Annie: Are you comfortable with the frequency? If you are, great, if not, then maybe it's time to make some changes. Speaking of making some changes, I do want to, kind of move on. So if you're considering making some changes, you heard all of this and you're like, "Huh, yeah, maybe I should kind of examine my consumption." We would encourage you to gather some information on the situation before you make decisions. And step one can simply be like, take note of how much you're drinking. And as I mentioned, portion size is key here because a serving size of wine is four to five ounces. And in my house that's, like, not happening. So to really be honest about like "how much am I really drinking?" can be your step one. And that could just be like a food journal. It could be like a note in your phone, it could be a tally mark on your cover, I mean, whatever that looks like for you.

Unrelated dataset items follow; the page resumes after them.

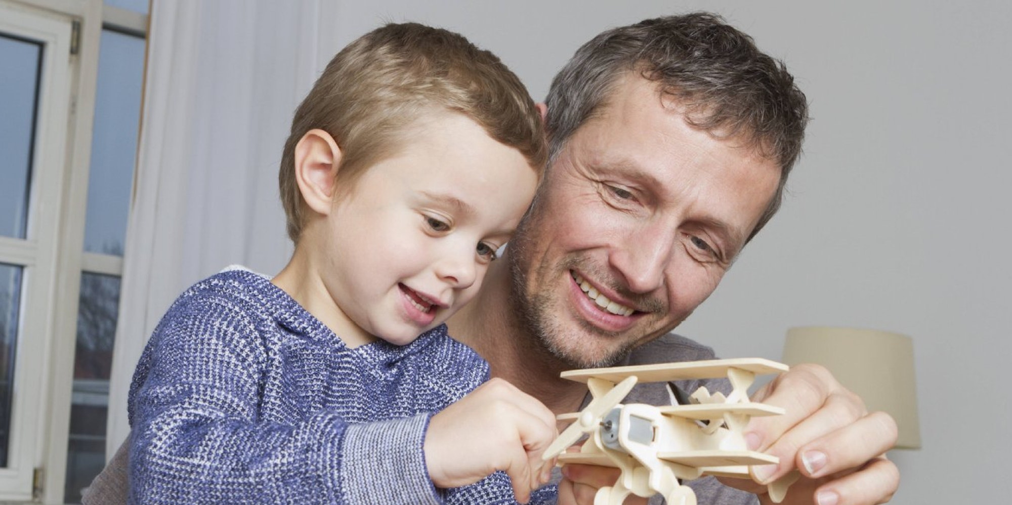 Hat der Sohnemann zusammen mit Papa ein Flugzeug gebastelt, reicht dem Kleinen oft anerkennende Aufmerksamkeit statt übermäßiges Lob.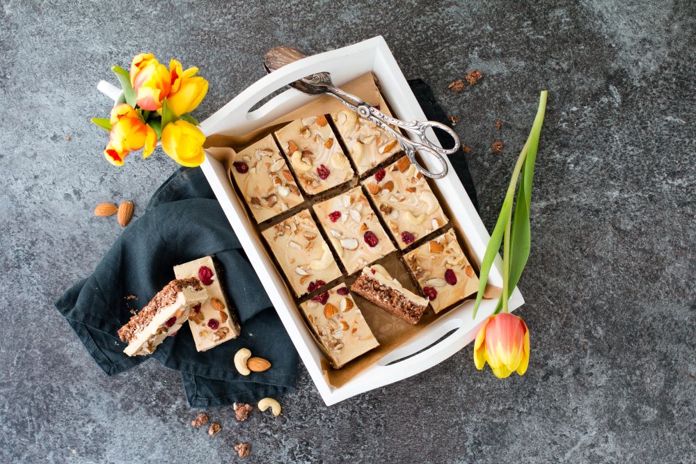 Die Masse in eine mit Backpapier ausgelegte Brownieform (ca. 20 x 30 cm) geben und gleichmäßig festdrücken. An einem kühlen Ort ca. 10 Minuten ruhen lassen.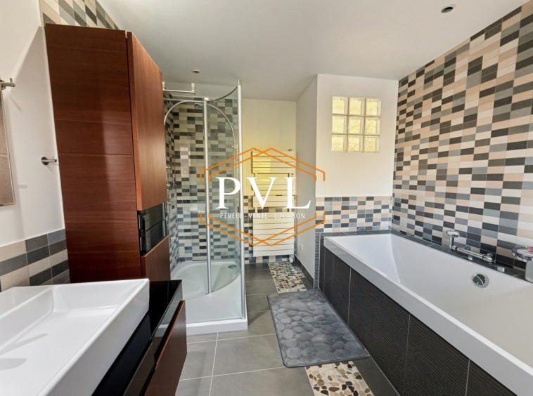 Le bien dispose d’une seconde salle de bains complète, une buanderie, un bureau, un garage pouvant accueillir un véhicule ainsi qu’une cave de plus de 90 m².

Annie: You don't have to track calories, you don't have to track macros, you don't have to do anything with that. You could just, just take note of the quantity. And then step two would be to review the data. And this is where I think a lot of women get tripped up is they, we would encourage women to look at the data as just like, "This is just information. This is just data." It doesn't mean that you're a good person or a bad person or that you are a failure or that you did really well or that you did anything bad. It's just like, like, "Let's just look at it as objectively as possible." And some questions to ask yourself when you're reviewing the data, "Am I drinking more or less than I thought? Are there patterns that we discussed earlier to your drinking? The people, the places, the days of the week?"

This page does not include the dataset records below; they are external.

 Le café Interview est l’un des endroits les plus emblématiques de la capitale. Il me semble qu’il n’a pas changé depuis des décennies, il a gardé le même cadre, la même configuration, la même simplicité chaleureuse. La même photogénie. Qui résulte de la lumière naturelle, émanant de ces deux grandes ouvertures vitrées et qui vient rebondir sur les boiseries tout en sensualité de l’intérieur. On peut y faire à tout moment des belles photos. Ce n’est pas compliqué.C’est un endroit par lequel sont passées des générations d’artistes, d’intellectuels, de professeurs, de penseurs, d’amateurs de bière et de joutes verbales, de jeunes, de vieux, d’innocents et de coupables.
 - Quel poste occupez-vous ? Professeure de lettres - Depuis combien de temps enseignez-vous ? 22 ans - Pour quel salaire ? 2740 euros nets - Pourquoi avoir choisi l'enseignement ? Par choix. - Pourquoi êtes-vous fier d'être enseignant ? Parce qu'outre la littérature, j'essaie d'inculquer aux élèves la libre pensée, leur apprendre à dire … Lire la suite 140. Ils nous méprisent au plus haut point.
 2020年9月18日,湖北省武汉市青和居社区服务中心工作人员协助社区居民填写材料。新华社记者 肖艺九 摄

Annie: This is really key. Is it bringing "unwanted friends" to the party? Which that could mean binge eating, emotional drama. Like, are you fighting with friends or your spouse or are you short tempered with your kids? Are you enjoying, you know, an extra dinner after you started drinking when you're aren't hungry to begin with because as I've experienced many times, alcohol actually does suppress leptin, which is the hormone that tells your brain when you're full and it negatively affects other brain chemicals that are involved in appetite suppression. So, it's easy to see why like, "Yeah, pizza sounds great!" At 2:00 AM after a couple drinks, college Annie knows that very well, but it really is harder to read hunger and fullness cues after a few drinks.
Jen: We also don't, you know, we typically pair alcohol with higher calorie foods. It's not like, you know, it's not like you go to a party and everyone's having wine and there's veggie tray and salads on display. Like it's usually chips and candy or you know, dips and bread and that kind of thing. And so a Balance365er did recently share this as well. She was talking about how it's not actually the alcohol for her that she thinks she's over consuming. It's that she has a couple of drinks and then she eats, she just mindlessly is eating at the snack table and pretty soon she's gone through like a party size bag of Doritos. Right. And so that's sort of where it can affect your over consumption or if you have weight loss goals or that-
Annie: It can just lower inhibitions. But, I mean, really, as I noted it does make, alcohol makes it harder to read hunger and fullness cues.
Jen: Right. Yeah.
Lauren: For me, it also went beyond that, right, for like the next day, cause I would be tired and crabby and craving more, like, high fat comfort foods.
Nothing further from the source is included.